Determine all positive integers $n$ for which the equation \[ x^n + (2+x)^n + (2-x)^n = 0 \] has an integer as a solution.
Problem
Source: APMO 1993
Tags: number theory unsolved, number theory
Megus
11.03.2006 19:02
As $n$ even clearly doesn't work we can suppose that $n=2k+1$. As $k=0$ clearly works, we might suppose that $k \geq 1$. Now: $x^{2k+1}+4((2+x)^{2k}-....+(2-x)^{2k})=0$ so $2|x$ let $x \to 2x$ and we have: $2^{2k-1}x^{2k+1}+2^{2k}((1+x)^{2k}-...+(1-x)^{2k})=0$ so again $2|x$ and we let $x \to 2x$. Finally: $2^{2k}x^{2k+1}+(1+2x)^{2k}-(1-4x^2)(1+2x)^{2k-2}+....+(1-2x)^{2k} \equiv (1+2x)^{2k}-1+(1-2x)^{2k}\equiv 1 \not \equiv 0 \mod 4$ Contradiction. So we only $n=1$ satisfies given condition.
Davron
12.03.2006 06:26
Megus please could you explain your solution... Davron
Megus
12.03.2006 14:18
what do you feel uncertain about?
towersfreak2006
14.06.2006 00:24
shobber wrote: Determine all positive integers $n$ for which the equation \[ x^n + (2+x)^n + (2-x)^n = 0 \] has an integer as a solution.
Suppose $n$ is even. Then \[ x^n+(2+x)^n+(2-x)^n\ge0, \] with equality at $x=2+x=2-x=0$, which clearly, can not be obtained. Hence, $n$ cannot be even.
Suppose $n$ is odd. Then \[ x^n + (2+x)^n + (2-x)^n = 0 \] implies \[ x^n+(2+x)^n=(x-2)^n. \] Consider $n=1$. Then \[ x+(2+x)=(x-2) \] implies $x=-4$.

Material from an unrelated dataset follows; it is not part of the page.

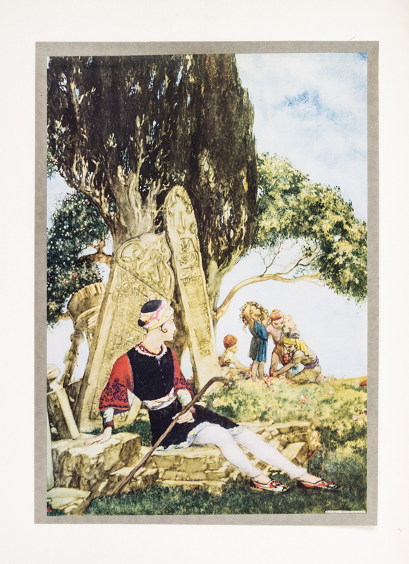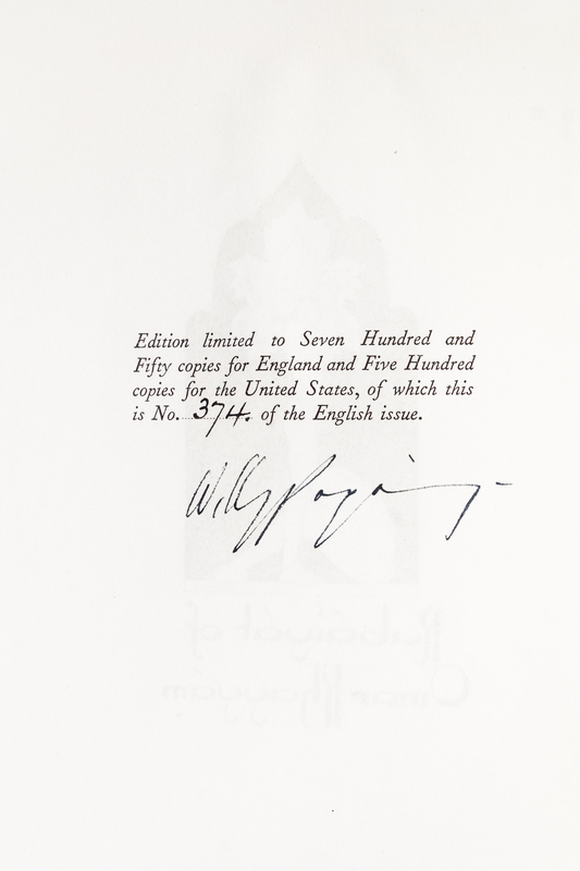 The Rubaiyat of Omar Khayyam. London: George Harrup, 1930. 4to, finely bound in full turquoise morocco with gilt-stamped to upper cover. Limited edition, 375 of 750 copies, signed by Willy Pogany. Some light rubbing to spine ends.

Now suppose $n\ge3$. If $x>2$, then from Fermat's Last Theorem, there are no integer solutions. The same conclusion follows if $x<-2$ and both sides are multiplied by $-1$. Furthermore, $x=2$, $x=1$, $x=0$, $x=-1$, and $x=-2$ have no solutions, upon inspection.
Therefore, the only valid $n$ for which the equation has integer solutions in $x$ is $\boxed{n=1}$.
persya
22.07.2010 08:31
I think megus's solution is very easy to understand because his solution is similar to the proof of Fermat to show that the equation $ x^4+y^4=z^2 $ has no integer roots
mathmdmb
22.07.2010 11:09
shobber wrote: Determine all positive integers $n$ for which the equation \[ x^n + (2+x)^n + (2-x)^n = 0 \] has an integer as a solution. Trivial.Since $n$ positive integer,we see two cases.First $n$ even and the result is obvious $x=0$.now see if $n$ even,we can use fermat's last theorem
peregrinefalcon88
26.01.2011 23:33
We can see that n is odd. We can also notice that x is negative so let y = -x. We have $-y^n+(2-y)^n+(2+y)^n = 0 \rightarrow (y+2)^n = y^n+(y-2)^n$.(apply fermats last theorem) Considering this equation mod y we see that $y = 2^k$. Letting 2z = y we obtain the new equation $(z+1)^n = z^n + (z-1)^n$ and considering this mod z yields z = 1, 2. y = 2 means n = 0. y = 4 means n = 1.
Amir Hossein
26.02.2011 19:09
Amazing, this problem is APMO 1993 (this topic) and IMO LongList 1988 Problem 28.
CakeIsEaten
04.03.2011 09:36
why does this problem remind me of fermat's last...?
anonymouslonely
03.08.2011 12:41
if $ n $ is even then $ x=2-x=2+x=0 $ false. if $ n $ is odd then $ (2+x)^{n}+(2-x)^{n} $ is even, $ 0 $ is even so $ x $ is even. take $ x=2w $ so $ w^{n}+(1+w)^{n}+(1-w)^{n}=0 $ but $ (1+w)^{n} $ is congruent with 1 mod $ w $ and $ (1+w)^{n} $ is congruent with 1 mod $ w $ and $ 0 $,$ w^{n} $ are divisible by $ w $ so $ 2 $ is divisible by $ w $. $ w $ is even, the proof of this is similar like the proof for $ x $. 1. $ w=2 $ so $ 2^{n}+3^{n}=1 $ impossible. 2. $ w=-2 $ so $ 2^{n}+1=3^{n} $ but $ 2^{n}+1<3^{n} $ for $ n>1 $ so $ n=1 $.